NoMeansNo
No means No - how to keep testing failures meaningful in CI. Slow tests. Flaky tests. Tests that change.
Katrina Edgar
Devs writing unit tests Testers writing integration tests Devs multiple check-ins per day. Difficult to get integration tests meaningful to testers 2 hour test suite: Bad code, copy and paste Moved setup steps out of Selenium
got down to half hour Fragile – needed to change sleeps to waits
Because tester had ownership, tests would break and testers would have to constant stream of red builds. Devs stopped paying attention to red builds.
Integration tests only helpful to teste r, became same interpretation as in manual environment.
Loop of death - different reasons for tests to go red each time Green light once a week, celebrated with coffee, acknowledged as a problem (“squirrel dance” at TIM)

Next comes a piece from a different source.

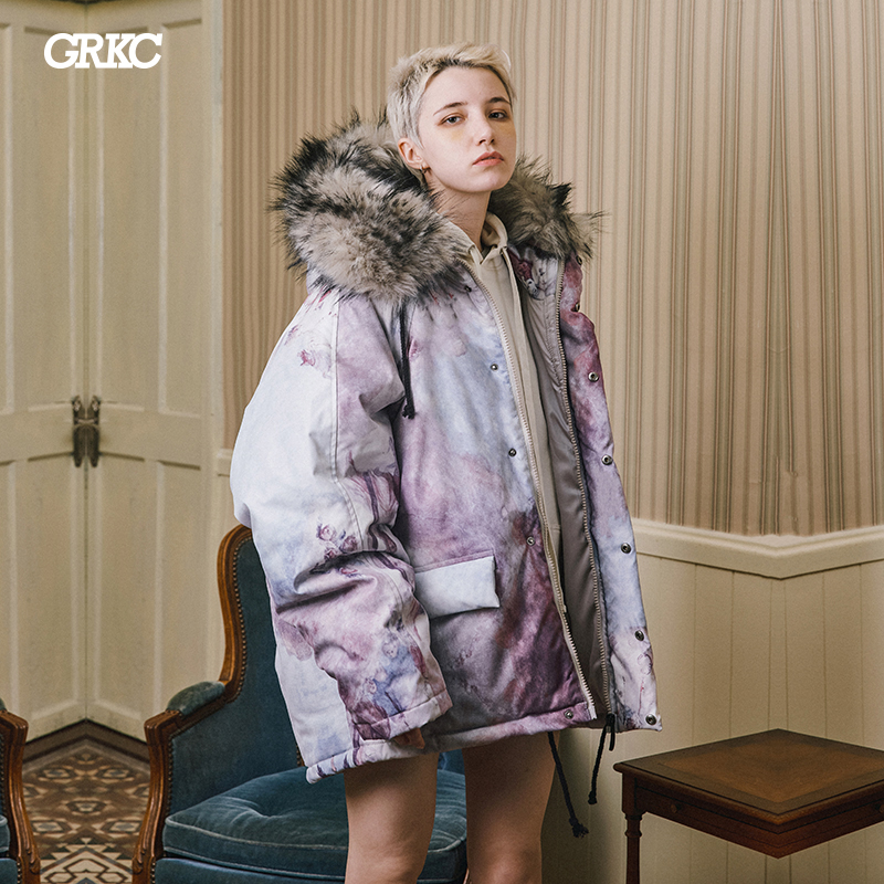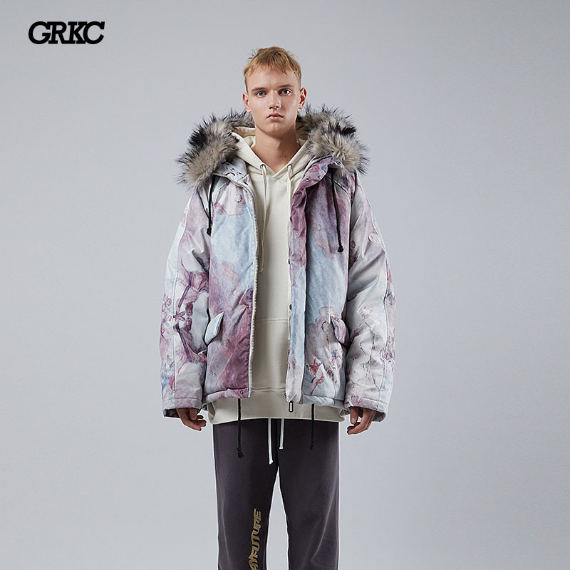 GRKC China angel oil painting thickened cotton clothes National tide brand hip hop couple loose cotton clothes Men's and women's fashion bread clothes

Andrew – same problem but worse, not part of deployment pipeline
5 devs, 2 testers – needs more testers than usual
Martin – integration tests owned by devs, testing team test from external interfaces, large amount of manual testing, embedded radio systems, automated environments with hand-held units, tests call quality etc. Same problem with Jenkins turning red and slow feedback time Looking to run smoke test on each build, then less frequent or nightly build Painful to install stuff onto device Dev checkin – 30 minutes for CI tests to complete, some tests only nightly
Julian – canary tests for risky areas,
How to tackle continual red builds? Potential for doing a “hearts and minds” Katrina tried Gold star charts, which was a good motivation for devs Also got devs writing the tests
Ward – failures are personal, need to make it fun, if you're not writing bugs, you're not writing code
HTML tests are always going to be flaky – :because browsers suck”, write tests at service layer, subcutaneous testing Devs already had responsibility for the quick tests Would you throw away GUI tests? Tend to be repetitive, need to refactor down
False negatives - Claim plugin – assigned “cake points”, if you didn't claim you had to bring in cake. Plus cafe bonuses
Jenkins game plugin – useful to start people getting interested in it, but could lead to bad behaviour (eg. Checking in meaningless tests to get points) Stop the line on broken builds Make a developer responsible for checking the build and doing triage of failures – can make you feel crap always have to go back to same person What was better – picking on one person or stopping whole team
Reverting check-ins Validated merge plugin Git plugin – merge to branch on successful build Gerrit
Source code management
10 teams checking in on branches then merging to trunk. Teams have to wait when trunk is broken.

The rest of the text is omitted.